The Cardiothoracic Vascular Surgery (CTVS) Programme at the Asian Institute of Medical Sciences has achieved an eminent place as a dedicated centre for comprehensive surgical management of diseases of the heart, lungs and blood vessels.

Being a centre of excellence, it attracts the best surgical minds who work as a unified team to provide cardiothoracic surgical care of the highest professional standards to a large number of patients suffering from heart and/or lung ailments.

Availability of expert talent, latest technology and compassionate care make the cardiothoracic department achieve results which are comparable to the best in the world.

This handout is intended to provide you with general information about the Heart Valve Operation you are about to undergo. It is not a substitute for advice from your Heart Surgeon and therefore you must talk to her/ him before your operation so that you have enough information about the surgery to enable you to compare the benefits and risks.

Be sure to read all the information in this handout. If you do not understand anything please make a note of it and discuss it with your surgeon. You are encouraged to fully discuss with your surgeon:

  • The surgery to be done and why
  • The alternatives to surgery
  • The outcome you can expect

The decision to have your valve replaced or repaired should only be made after discussion with your cardiologist and heart surgeon. The decision is yours and should not be made in a hurry. Make the decision only when you are satisfied with the information you have received and believe you have been well informed.

Introduction

The heart is a pump with four valves [2 Inlet (mitral and tricuspid) and 2 Outlet (aortic and pulmonary) valves] that allow blood to flow in one direction only. Each valve must function normally to ensure that enough blood flows to the lungs, the body and the heart itself.

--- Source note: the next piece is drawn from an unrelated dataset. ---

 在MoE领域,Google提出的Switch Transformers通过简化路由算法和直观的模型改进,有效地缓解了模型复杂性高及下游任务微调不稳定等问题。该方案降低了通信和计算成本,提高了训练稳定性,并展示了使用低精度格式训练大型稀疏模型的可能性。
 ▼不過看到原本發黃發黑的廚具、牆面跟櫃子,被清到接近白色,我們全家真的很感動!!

If a valve becomes severely damaged due to disease or the wear-and-tear of old age, it will put strain on the heart. Other organs such as the lungs, brain and kidneys can also be badly affected. People with a malfunctioning valve may need surgery to repair or replace it.

Such procedures have become common. The results of these operations at Asian Institute of Medical Sciences, Faridabad are amongst the best in the world.

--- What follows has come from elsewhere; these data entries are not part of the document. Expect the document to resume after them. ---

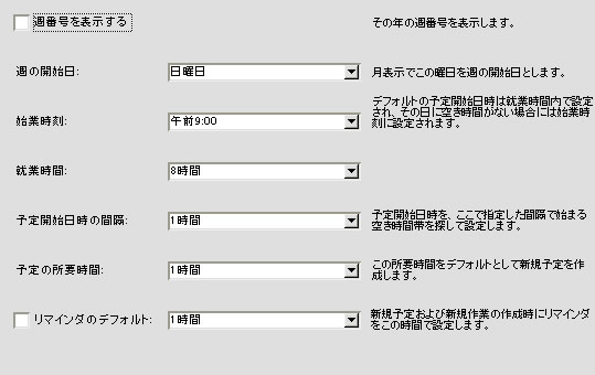 このタブを使用して、カレンダーの表示方法とデフォルトの予定時間を設定します。
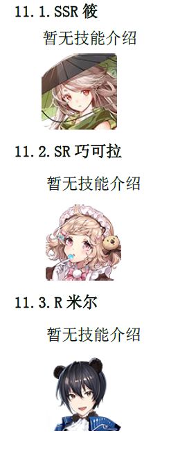 11.1. SSR筱11.2. SR巧可拉11.3. R米尔
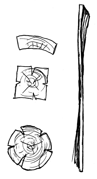 Коробление может быть продольным и поперечным. Поперечное выражается в изменении формы сечения заготовки. Причина – разница в усушке по радиальному и тангенциальному направлениям.
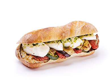 Grilled aubergines and courgettes, dried tomatoes, fior di latte mozzarella cheese and basil oil Vegetarian
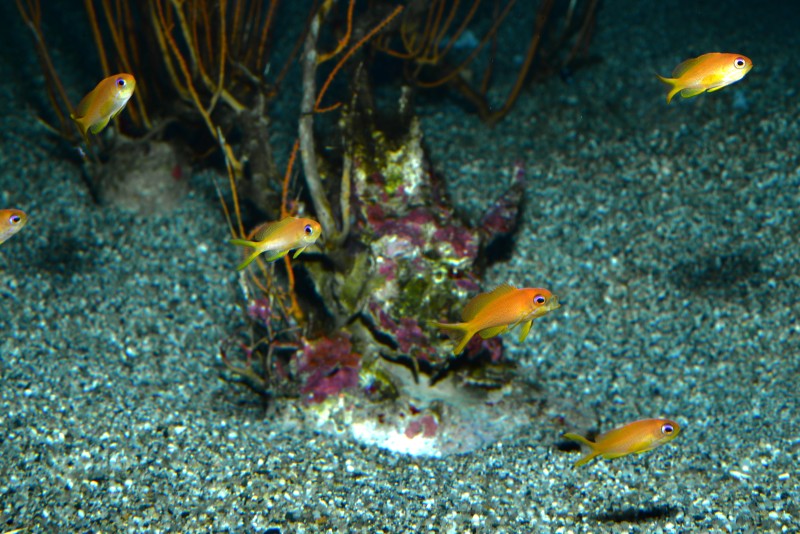 サンゴコーナーでミナミゴンべがムチヤギの先の方にとまってジッとしていました。ちょっと下から仰ぎ見る魚も綺麗ですね。でも、細いムチヤギだと不安定だと思うのですが。見ている間は安定してとまっていました。ゴンべの仲間は浮袋がないので、中層を泳ぐのが得意ではなく、すぐに着底してしまいます。
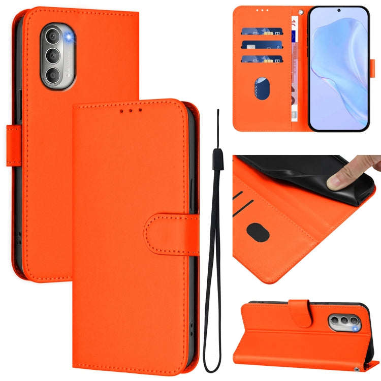 Funda de Piel Sintética con Cordón para Motorola Moto G51 5G (Naranja)

Structure of the Aortic and Pulmonary Valves

The aortic and pulmonary valves are outlet valves. They have three cusps that attach to the corresponding ventricle which is called annulus. Stretching of the annulus and/or the cusps causes the valve to leak. In some cases, repair is possible. However, more commonly, the cusps are thickened, fused or calcified so much that replacement of the valve is necessary.

Structure of the Mitral and Tricuspid Valves

The mitral and tricuspid valves have leaflets that attach to annuli in the inlet part of the ventricles. The leaflets are held in place by strings called chordae that attach to special muscles in the ventricle called papillary muscles. In some cases, repair of abnormalities of the leaflets, annulus and/or chordae is possible. However, a valve with severe degeneration, thickening, destruction or calcification of the leaflets must be replaced.

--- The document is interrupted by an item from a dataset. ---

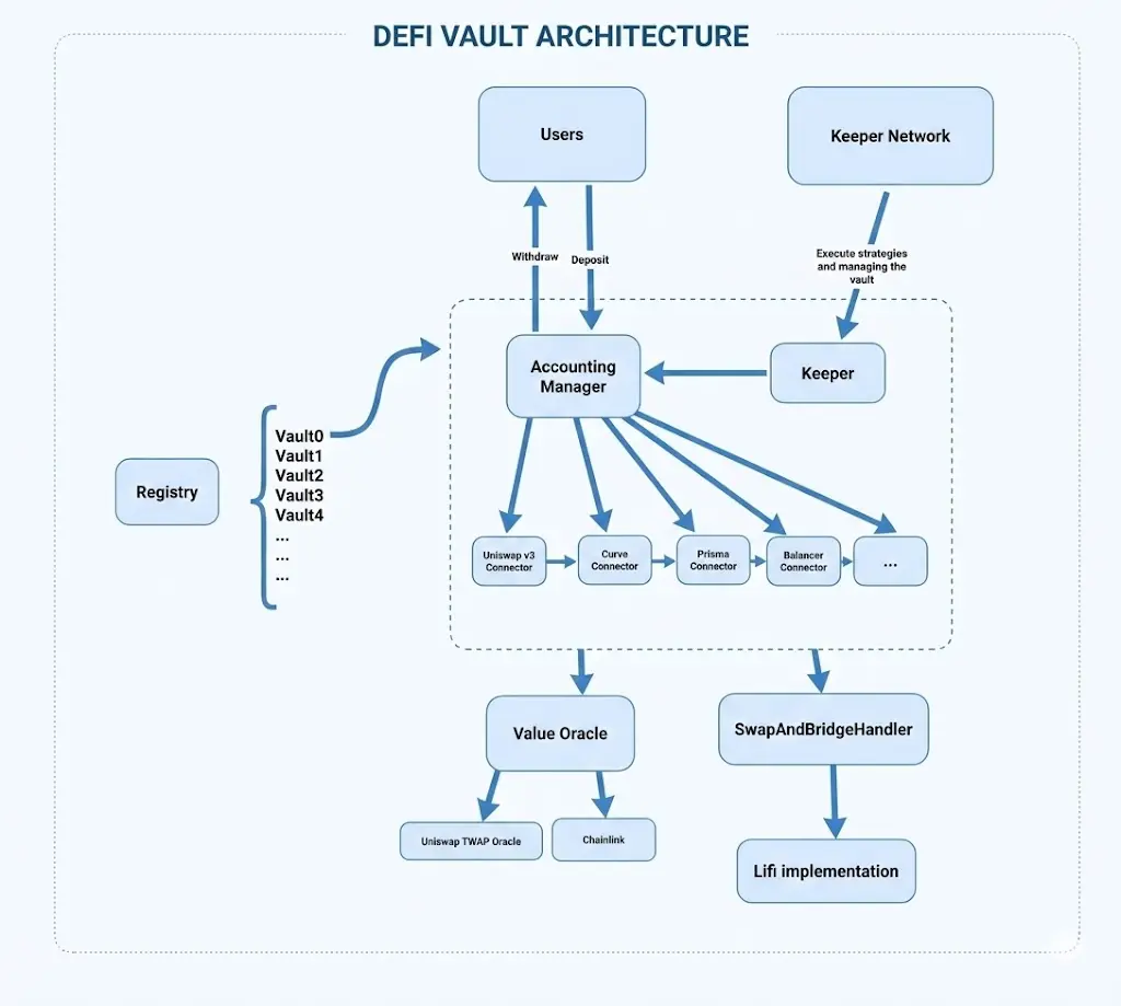 Architecture technique du NOYA Vault (coffre) : chaque coffre est enregistré et géré via un Registry, AccountingManager gère les parts (ERC-20) et la valorisation ; la couche de connecteurs modulaires intègre Aave, Uniswap, etc., en calculant le TVL inter-protocol via Value Oracle (Chainlink + TWAP Uniswap v3). Les échanges et le routage cross-chain sont assurés par Swap Handler (LiFi) ; la stratégie est déclenchée par un Keeper multi-signature, formant une boucle d’exécution auditable et modulaire.

The aortic and mitral valves are most commonly affected because they are subjected to high pressure. The tricuspid and pulmonary valves, which work in the low-pressure side of the heart, are less commonly involved. Two types of problem may affect heart valves: stenosis and regurgitation.

  • “Stenosis” means a narrowing or a stiffness of the valve that restricts blood flow through it. Aortic-valve stenosis makes the heart work harder, so it becomes thickened (hypertrophied). This thickening of the left ventricle may lead to permanent damage if the valve is not corrected. In mitral valve stenosis, the left ventricle does not fill properly and blood backs up into the lungs.
  • “Regurgitation” (also called insufficiency, incompetence or leakage) is due to failure of the valve to close properly, which allows blood to flow backwards. This means that the ventricle has to pump much more blood with each beat. This eventually causes the ventricle to enlarge or dilate, so that the muscle becomes stretched and thickened. Once the heart becomes over-stretched, recovery of normal function is less likely, even after the valve is repaired or replaced.
Symptoms:

Symptoms due to aortic valve stenosis occur when the left ventricle:

  • can no longer pump enough blood through the narrowed valve, causing light headedness or black outs
  • becomes so thick that its demand for oxygen exceeds its blood supply, causing pain like angina. In aortic-valve regurgitation, symptoms may only occur after heart dilatation has become severe. The main symptom is shortness of breath.

For a long time, the heart can compensate for a faulty valve. The appearance of symptoms means that the heart’s compensating mechanisms are no longer sufficient and the heart is starting to fail. Therefore, symptoms can happen quite late in the course of development of valve disease.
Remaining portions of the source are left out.